Love the blog! As usual, so insightful.

I am not a writer, but oddly enough the two blogs that I do frequent are writer blogs. Hmm. All the inspiration may get me writing yet...

Either way, as a concrete answer to your question about the first 100 pages, I always enjoy your passages about Nora's inherited wardrobe (I have become such a girl). I google the designers and fashion references. I get a glimpse of 20th century fashion history and a sense of Nora's family history.

I admire all of you. I appreciate that you put so much into your craft. Few things are as irritating than reading a book where it seems that the author is just capitalizing on their name and phoning it in. Though I am guessing that there is more to it than that, maybe publisher pressure...

I'm glad I'm not the only one; I am compelled to purchase all manners of journals and start out on fire then the novelty fades and I "forget" to write in it.
I'm sorry to hear about the passing of your turkey roaster.

Cheryl, you're one of our most articulate and thoughtful commenters. I just assumed you were a writer!

Those damn clothes of Nora's---what a mistake I made when I put those in the first book. Now there's all this clothing research to do! Never thought I'd know so much about couture. (She types, as she sits in yoga pants and a threadbare shirt from Target.)

Keetha, I like your blog, though. Isn't that kind of a journal? (Although I'm with Harley--the book itself ends up being the journal.) I see your another Food Network devotee. I love the Barefoot Contessa, for some reason. I wish I'd come up with that name!
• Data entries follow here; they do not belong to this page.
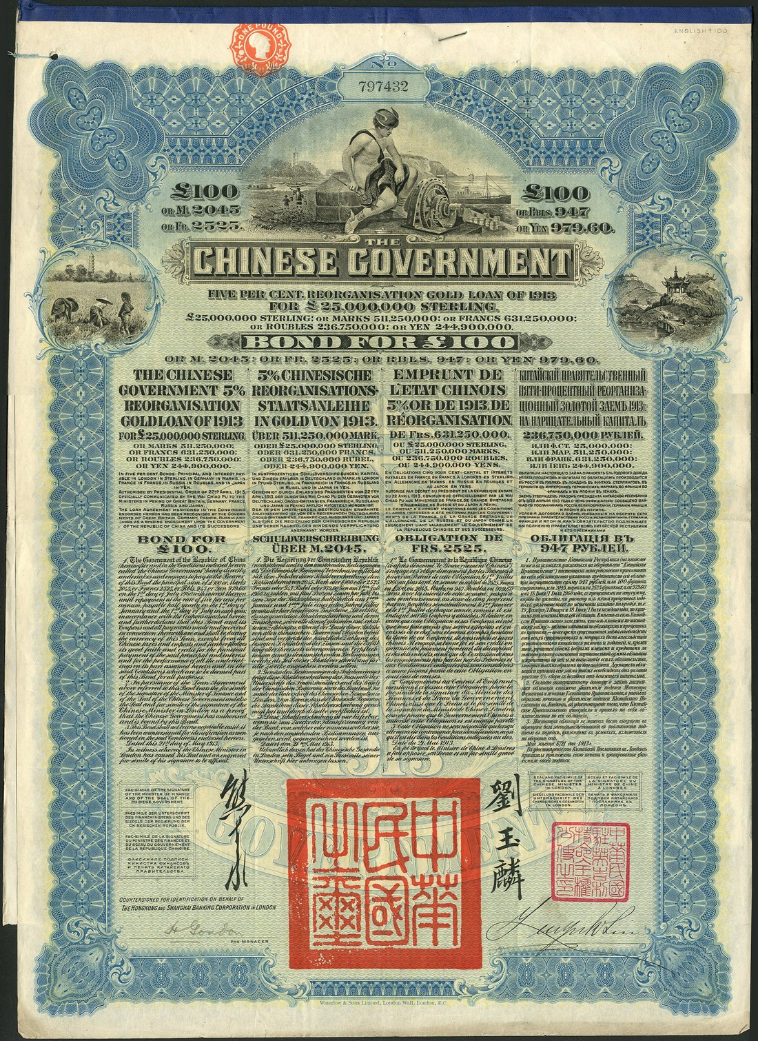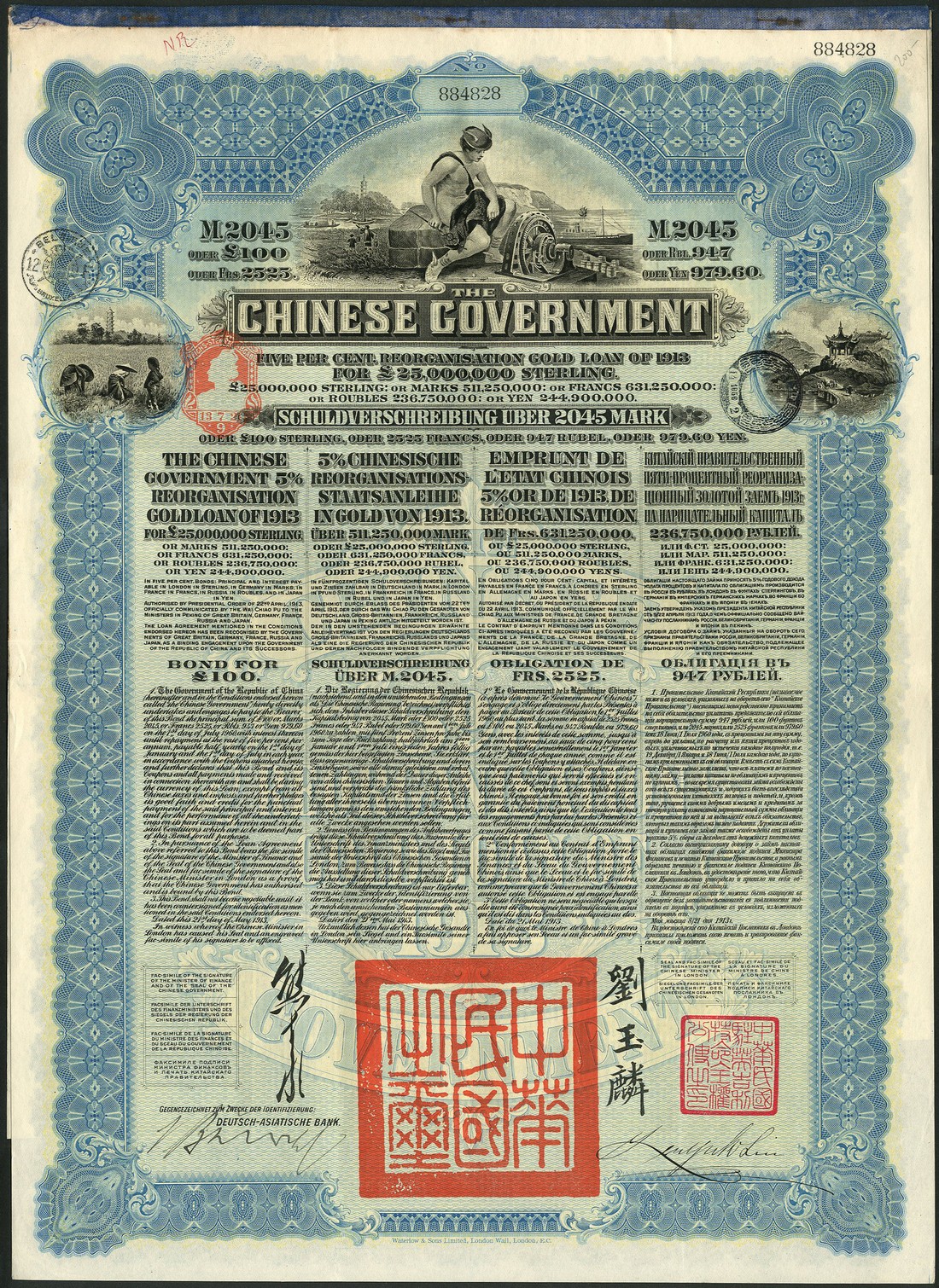 1913 5% Reorganisation Gold Loan, £100 bond issued by the Deutsch-Asiatische Bank, no.884828, 'Mercury' at top, peasants and buildings at either side, blue and black respectively, printed by Waterlow & Sons, with coupons, good very fine but small red ink mark in top margin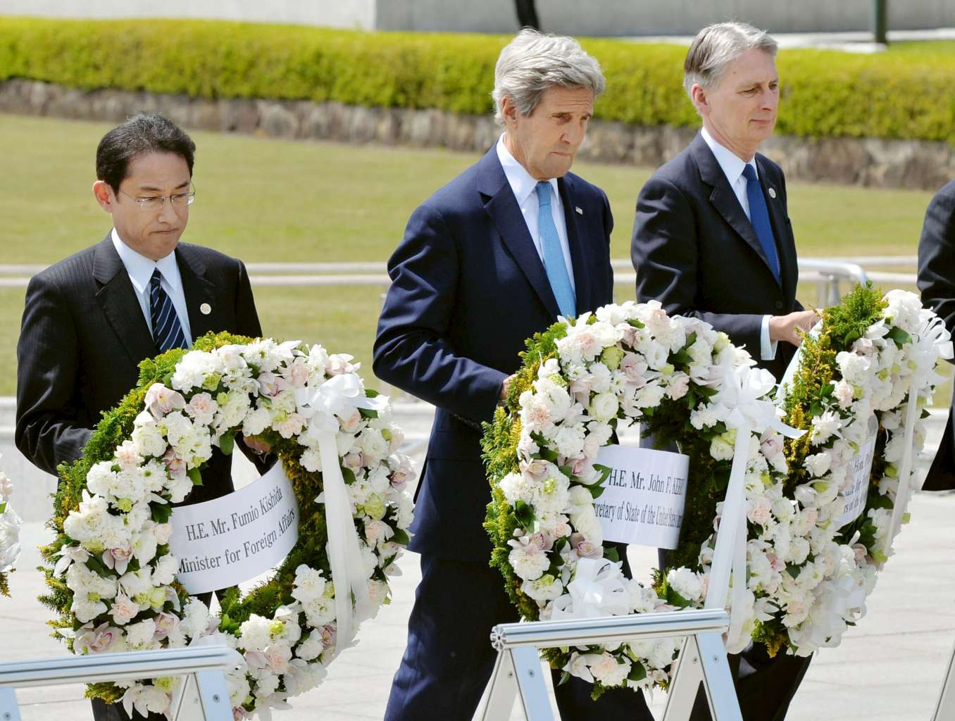 US Secretary of State John Kerry (centre) preparing to lay a wreath at the cenotaph with Japan's Foreign Minister Fumio Kishida (left), Britain's Foreign Minister Philip Hammond and other G-7 foreign ministers at Hiroshima Peace Memorial Park and Museum in Japan on April 11, 2016.
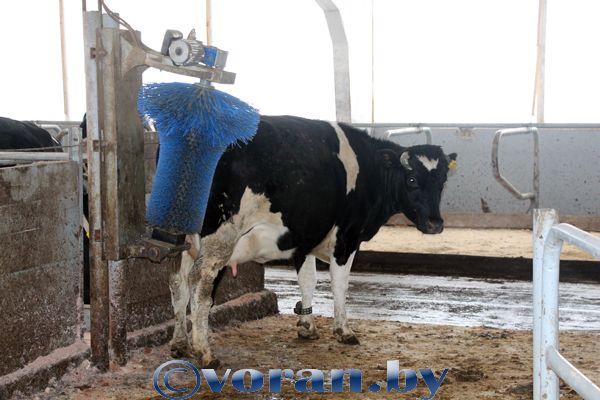 Т. Мушинский обсуждают технологию выращивания телок на МТФ «Солтанишки»; с помощью этого приспособления корма постоянно в зоне досягаемости животных; заместитель председателя по животноводству М. Воловицкий рассказывает коллегам о резервах продуктивности дойного стада на ферме «Лелянцы»; после кормового стола автоматическая щетка-чесалка для буренок самое приятное место.

I'm not a writer, either - just wish I was - but I could never keep up a journal. I've tried several times, with determination and good intentions, and it always peters out.

Nancy - so sorry about your roaster. Maybe you should check out one of these:

I'm a fan of Nora's clothes, too - so we appreciate your angst in reasearching!

Nancy, I have all the faith in the world that you'll finish your pages. Just imagine how better you'll feel when they're finished!

Great post today. Hang in there.

Nancy~if I can pull an A from A&P, you can most definitly write 100 pages!! All I have to do is memorize and spit it back out. You have to be creative and entertaining. Put on some Jimmy Choos for inspiration!!!

I believe in you!

Thanks Nancy, you made my day.

I have never kept a journal call me paranoid but I was always afraid it would be found. I also would lose intrest in about a week. I prefer to just sit and write out the story.

I know you will find your inspiration and finish. Good luck.


'Twas the night before Christmas and all round my hips
were Fannie May candies that sneaked past my lips.
Fudge brownies were stored in the freezer with care
in hopes that my thighs would forget they were there.

While Mama in her girdle and I in chin straps
had just settled down to sugar-borne naps.
When out in the pantry there arose such a clatter
I sprang from my bed to see what was the matter.

Away to the kitchen I flew like a flash
tore open the icebox then threw up the sash.
The marshmallow look of the new-fallen snow
sent thoughts of a binge to my body below.

When what to my wandering eyes should appear:
a marzipan Santa with eight chocolate reindeer!
That huge chunk of candy so luscious and slick
I knew in a second that I'd wind up sick.

The sweet-coated Santa, those sugared reindeer,
I closed my eyes tightly, but still I could hear
On Pritzker, on Stillman, on Weak One, on TOPS,
a Weight Watcher dropout from sugar detox.

From the top of the scales to the top of the hall
now dash away pounds now dash away all.
Dressed up in Lane Bryant from my head to nightdress
my clothes were all bulging from too much excess.

My droll little mouth and my round little belly
they shook when I laughed like a bowl full of jelly.
I spoke not a word but went straight to my work
ate all of the candy then turned with a jerk.

And laying a finger beside my heartburn,
I gave a quick nod toward the bedroom I turned.
I eased into bed, to the heavens I cry
if temptation's removed I'll get thin by and by.

And I mumbled again as I turned for the night
in the morning I'll starve....'til I take that first bite!